--- Given records Enclosed Below ---
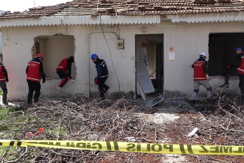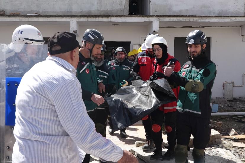 Enkaz alanında çıkan yangına itfaiye ekipleri müdahale ederken, bu sırada enkaz altında kalan yakınlarını görmek isteyen vatandaşların bölgeye girmesi çevik kuvvet ekiplerince engellendi. Yaklaşık 1 saat süren tatbikat kapsamında enkazdan yaralı kurtarma, yangın söndürme, kimyasal sızıntıya müdahale, tahliye ve barınma süreçleri başarıyla gerçekleştirildi. Tatbikatta afet sonrası destek çalışmaları da uygulandı. Toplanma alanlarına yönlendirilen vatandaşların kayıtları yapıldı, çadırlar kuruldu, iaşe ve ibate hizmetleri sağlandı. Psikososyal destek, sağlık ve enerji ekipleri görev aldı. GSM şirketleri mobil baz istasyonu kurarak iletişim desteği sundu.
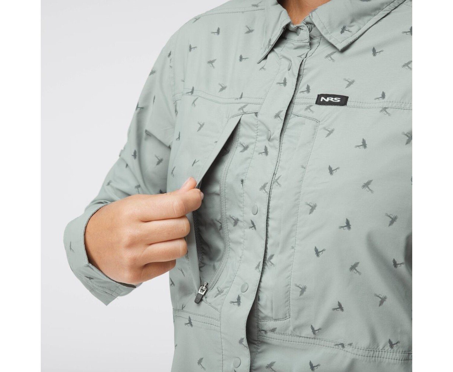 - Woven NRS label on the chest doubles as an attachment point for sunnies or lightweight tools.
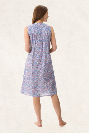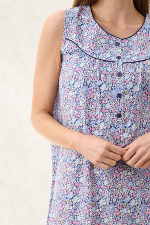 Daisy sleeveless short nightie features a vibrant deep blue-based floral print—perfect for the summer season. The curved front yoke is trimmed with a striking deep blue satin piping which also edges the neckline. Self fabric binding edges around the armhole and there is a front button placket. The skirt of the nightie is gathered onto the front and back yokes allowing for extra comfort. Add the matching Daisy brunchcoat to create a fresh, crisp summer set.
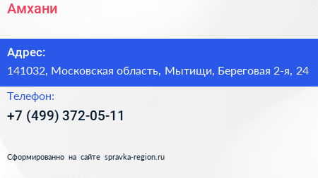 Амхани по адресу 141032, Московская область, Мытищи, Береговая 2-я, 24 в дальнейшем Организация, размещена в следующих категориях:
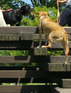 ドッグランで一休み。マウントしてくるワンコは嫌いです。
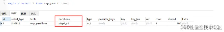 drop table if exists tmp_partitions;create table tmp_partitions (id int unsigned not null AUTO_INCREMENT,name varchar(255),PRIMARY KEY (id)) engine = innodbpartition by key (id) partitions 3;查看其执行计划:
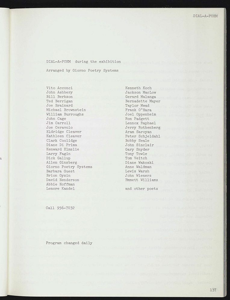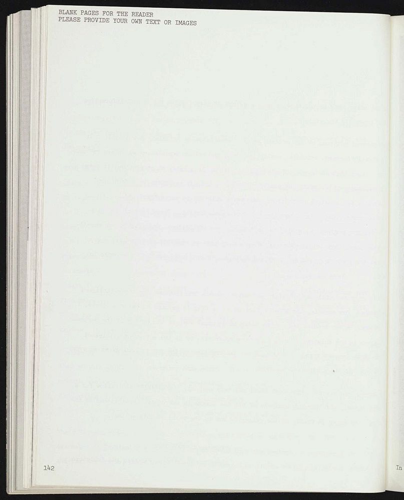 在五十年前的纽约夏天,展览“信息”只维持了短暂的两个月。相比之下,《信息》一书却创建了一个对观念主义的主张和思考而言都极具启示性的移动场所。在当时,每一位参展艺术家或艺术团体都获得了出版物中一块尺寸固定的空白区域(美国信纸大小的文书用纸)进行自由创作。因此,用一页或最多几张跨页来创作“特定场域”(site-specific)的作品就此诞生。6麦克希恩在其策展文章中首先声明以下内容:“每位艺术家均受邀为这本书做出自己的贡献,这种情况意味着所呈现的材料将直接与展览中的实际作品相关,也可以与展览中的作品无关。因此,这本书实质上是选集,可被认为是展览的必要辅助。”参见论文《信息》,1970年。另外,也请参阅权美媛(Miwon Kwon)的《一个又一个地方:特定场域的艺术和区域性的身份认同》。自1960年代以来,“特定场域”一词经历了不同的历史转折。正如权美媛所说,这个词现在“分散在更广泛的文化、社会和话语领域,并且通过艺术家的游牧行动相互关联地组织起来——这种运作更像是一份行程单而不是一张地图——而现在,场域可以是像广告牌、艺术流派、被剥夺权利的社区、机构框架、杂志页面、社会事业或政治辩论那样多样。”参见该书的简介,第3页。 《信息》的编辑与丰富多样的视觉形式让人瞬间倍感耳目一新,因此成就了一种对物质带有自身拷问的观念艺术创作。与一般的展览画册不同,《信息》中的目录、策展文章或展墙文字等组织性条目都以极其简单的方式呈现,以尽可能不干扰艺术家的主体内容。《信息》也唤起了“用户手册”的功能,向读者发出了参与和互动的邀请。例如,《拨号一首诗》(Dial a Poem)为读者列出电话号码,以便拨打电话收听每日不同的诗歌,这些诗词的朗读来自约翰·阿什贝利(John Ashbery)、戴安娜·迪·普里玛(Diane Di Prima)、威廉·S·巴勒斯(William S. Borroughs)和其他“垮掉一代”(Beat Generation)的诗人们。书中还有一页几乎完全空白的“作品”。页面上只有两行位于顶部的文字:“这是属于读者的空白页面。请您自行提供文字或图片。” 以上例子都说明《信息》可被视为一本可以进行自我书写、可以构造一个观念主义的全球化社区的书物。
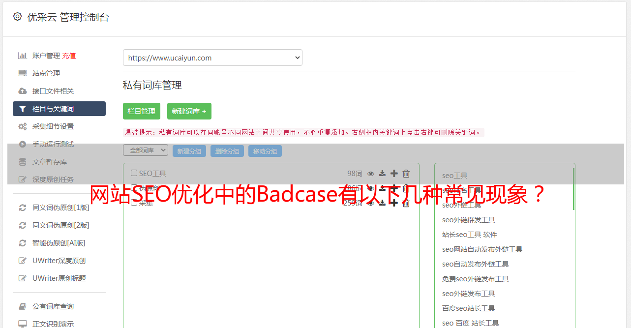 Badcase 翻译为坏情况的意思。大量不良案例记录后,搜索引擎会采集大量案例数据。如果下次遇到不合理的搜索结果,它会验证这些案例的特征。如果有相似之处就进行调整,当然这需要非常强大的搜索算法。
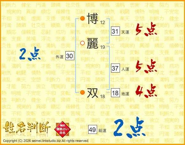 画数の奇数(○陽)と偶数(●陰)の配列で吉凶を占います。どちらかにかたよる名前は大凶名で避ける必要があります。画数の奇数偶数。
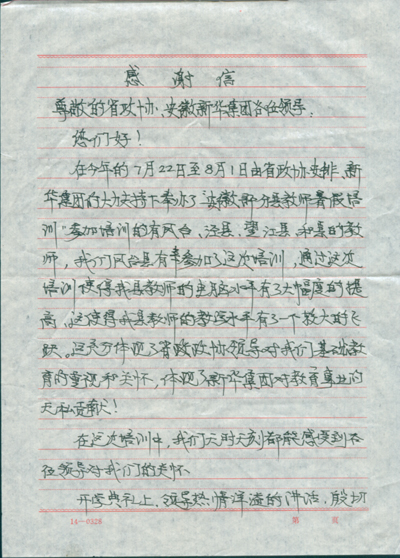 近日,新華電腦專修學(xué)院接收到來自鳳臺(tái)縣的一封感謝信。這封來自鳳臺(tái)縣的感謝信是鳳臺(tái)縣參加“第三屆安徽省部分縣中小學(xué)教師計(jì)算機(jī)培訓(xùn)班”的老師寫來的,字里行間流露出對(duì)省政協(xié)、新華電腦專修學(xué)院的感激之情。
--- End of Enclosed Given records ---
- [Task to complete] Only lines go in the copy, not pictures. Transcribe exactly from the start of the listing through the line containing "Daisy sleeveless short".

- [Output of the task]
 Enkaz alanında çıkan yangına itfaiye ekipleri müdahale ederken, bu sırada enkaz altında kalan yakınlarını görmek isteyen vatandaşların bölgeye girmesi çevik kuvvet ekiplerince engellendi. Yaklaşık 1 saat süren tatbikat kapsamında enkazdan yaralı kurtarma, yangın söndürme, kimyasal sızıntıya müdahale, tahliye ve barınma süreçleri başarıyla gerçekleştirildi. Tatbikatta afet sonrası destek çalışmaları da uygulandı. Toplanma alanlarına yönlendirilen vatandaşların kayıtları yapıldı, çadırlar kuruldu, iaşe ve ibate hizmetleri sağlandı. Psikososyal destek, sağlık ve enerji ekipleri görev aldı. GSM şirketleri mobil baz istasyonu kurarak iletişim desteği sundu.
 - Woven NRS label on the chest doubles as an attachment point for sunnies or lightweight tools.
 Daisy sleeveless short nightie features a vibrant deep blue-based floral print—perfect for the summer season. The curved front yoke is trimmed with a striking deep blue satin piping which also edges the neckline. Self fabric binding edges around the armhole and there is a front button placket. The skirt of the nightie is gathered onto the front and back yokes allowing for extra comfort. Add the matching Daisy brunchcoat to create a fresh, crisp summer set.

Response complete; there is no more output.